93 . Cf., e.g., Motor Vehicle Mfrs. Assn. of United States, Inc. v. State Farm Mut. Automobile Ins. Co., 463 U.S. 29, 41-42, 103 S.Ct. 2856, 77 L.Ed.2d 443 (1983) (holding that "[a] settled course of behavior embodies the agency’s informed judgment that, by pursuing that course, it will carry out the policies committed to it by Congress”) (internal quotation omitted); Thomas Jefferson University v. Shalala, 512 U.S. 504, 524 n. 3, 114 S.Ct. 2381, 129 L.Ed.2d 405 (1994) (Thomas, J., dissenting) ("[AJgency conduct, no less than express statements, can effect a construction of statutes or regulations”).

94 . The FDA argues that the federal-state distinction is a red herring because “the FDCA explicitly provides the FDA with authority to regulate drugs that travel through interstate commerce!, and flor that reason alone the Defendants’ drugs are subject to federal oversight.’’ Doc. 60 at 14 (internal citation omitted). This misstates the question. The plain statement rule is implicated because the FDA claims that its authority to regulate within a traditionally state-regulated arena is derived from a seventy-year old statute which is silent on the topic and which has never before been applied to such conduct. For the same reasons, the FDA's reliance upon Sullivan, 332 U.S. at 692-93, 68 S.Ct. 331, as "long ago rejecting] the proposition that traditional state authority limits the FDCA,” Doc. 60 at 14-15, is misplaced.

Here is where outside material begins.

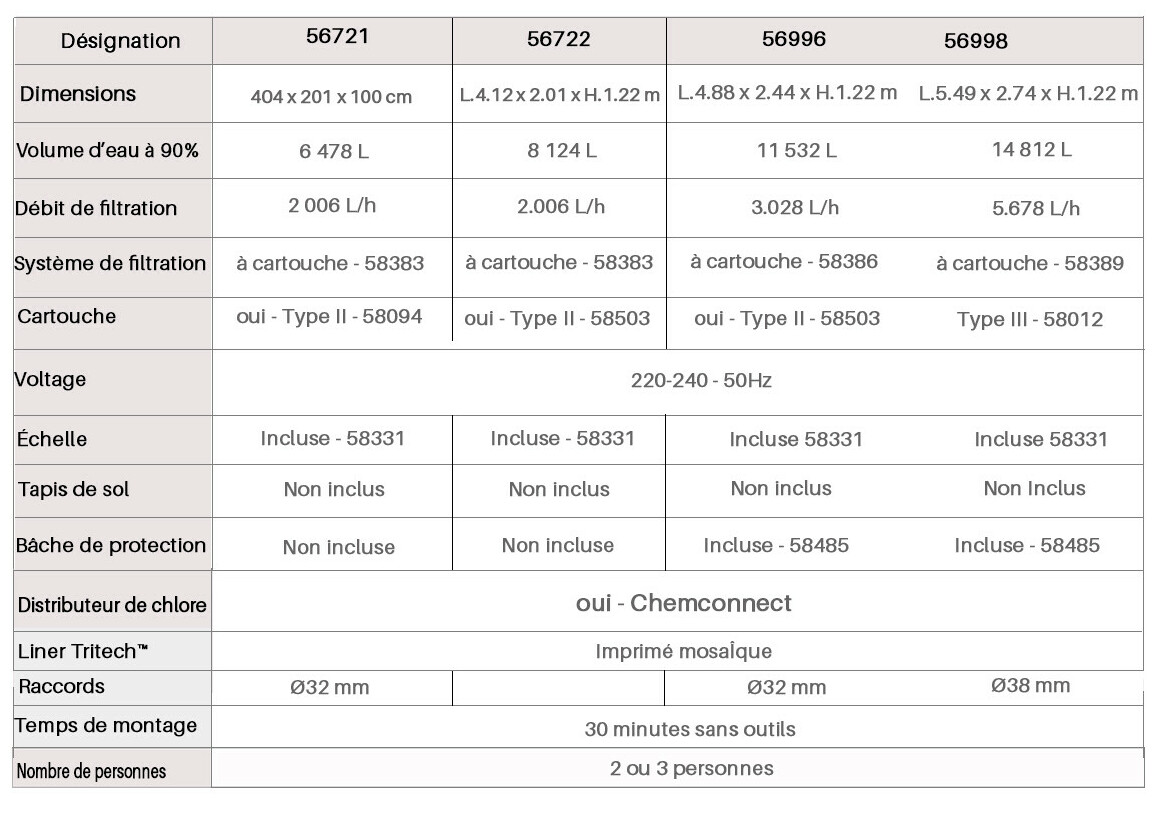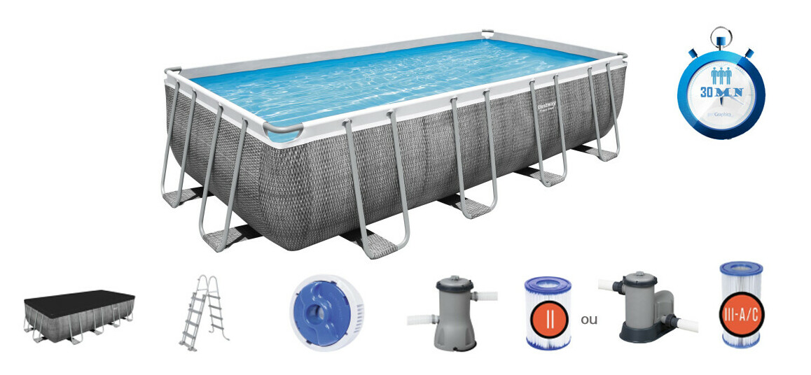 Piscine tubulaire rectangle Power Steel 5.49 x 2.74 x H.1.22 m - motif rotin gris

95 . The FDA cites to Kordel v. United States, 335 U.S. 345, 348-49, 69 S.Ct. 106, 93 L.Ed. 52 (1948) as "definitively rejecting]” application of the rule of lenity to the FDCA. This appears to be an overly broad interpretation of Kordel, and the FDA has not otherwise demonstrated that case’s applicability here.

96 . Had the FDA done what it said it would do or, even better, gone through formal rule-making, it might have been able to develop criteria for determining whether a large, interstate compounding pharmacy such as Franck’s is engaging in impermissible manufacturing or permissible, traditional compounding. See W. States, 535 U.S. at 372-73, 122 S.Ct. 1497 (suggesting such criteria); supra n. 45, 83. Though it is not my place to say so, FDA could still choose to follow this alternative course. See supra n. 52 (FDA seeking comments in related area). Or, as it did in the case of tobacco, see Family Smoking Prevention and Tobacco Control Act of 2009, Pub.L. 111-31 (HR 1256) (2009), it could ask Congress for the explicit authority to regulate this practice.

97 . Because of this ruling, the Court need not reach other issues raised by the parties, in-eluding the standards governing the Court's decision whether to grant the FDA injunctive relief.